В этом ужасающем хаосе сил жизненный инстинкт стремится утвердить себя с особенной энергией и ищет мотивов прочной веры. Нам нужна горячая уверенность, высшие поводы для того, чтобы бороться и жить, своеобразные категорические императивы. Раз мы не имеем бога — нам нужны божественные идеалы. Раз мы покинули старые соборы — нам нужно построить новые храмы».

Конечно, в этой восторженной речи молодого поэта многое очень зелено и может быть принято только с оговоркой. Но думается, что настроение молодых поэтов ухвачено здесь чрезвычайно верно, и связь между ним и более глубоким идейно–эмоциональным миром, созданным Верх арном, не может быть отрицаема.

В последних книгах Верхарна, с содержанием которых мы хотим коротко познакомить читателя, он найдет в прочной связи друг с другом и своеобразную, очень глубокую гносеологию, и энергетическую мораль, и яркую определенность отношения личности к человечеству в его прошлом, настоящем, будущем и к природе.

Мне хочется попытаться начертать нечто вроде системы опираясь на значительнейшие в этом отношении лирические и эпические произведения Верхарна.

Мне кажется, что лучшим подходом для этого будет знакомство со своеобразной теорией познания, которой Верхарн посвятил немало внимания.

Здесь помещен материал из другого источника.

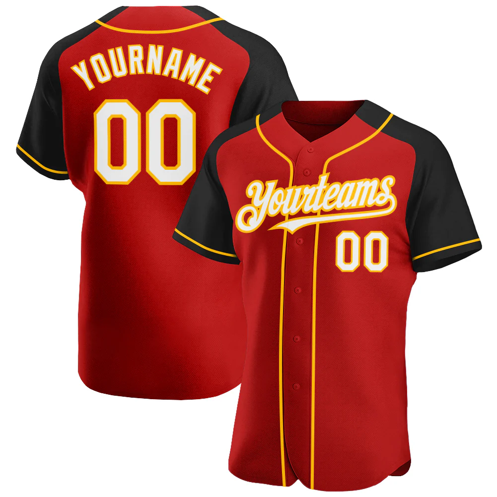Custom Red White Black-Gold Authentic Raglan Sleeves Baseball Jersey

Для человека, в такой огромной мере захваченного картиной человеческого прогресса, столь влюбленного во все человеческие дарования, столь остро пережившего период глубокого пессимизма и неверия в жизнь, кризис, переживаемый ныне идеями разума и истины, не мог остаться незамеченным, не мог не найти в нем соответственной оценки. Идея абсолютной истины, уже давно хворавшая, может считаться в наше время окончательно погребенной. Для иных современный прагматизм, критический реализм и т. п. течения в теории познания означали удар по самому разуму. Идея относительности познания казалась великолепным оружием против ненавистного интеллекта и прекрасным поводом к восстановлению престижа разных интуиции, оправдывавших всевозможные реакционно–фантастические перемирия и соглашения с отжившим миросозерцанием.

Когда Якоби предложил Лессингу сделать небольшой скачок от критики к вере, Лессинг отказался, заявив: «Для таких сальто–мортале у меня слишком тяжелая голова».6

У иных мыслителей нашего времени, после окончательного разрыва с идеей абсолютной истины, голова сделалась настолько легкой, что они способны на самые грациозные тройные сальто–мортале.

Между тем надо серьезно отличать два рода бунта против интеллектуализма. Один — глубоко прогрессивный — отводит интеллекту определенные и притом в высшей степени важные рамки, но воспрещает ему выход за пределы реальности в гибельную пустоту, делает его главным слугою воли, лишь в этой последней с ее неутомимым творчеством, в ее трудовом выражении находит подлинную опору нового миросозерцания, нового мирочувствования.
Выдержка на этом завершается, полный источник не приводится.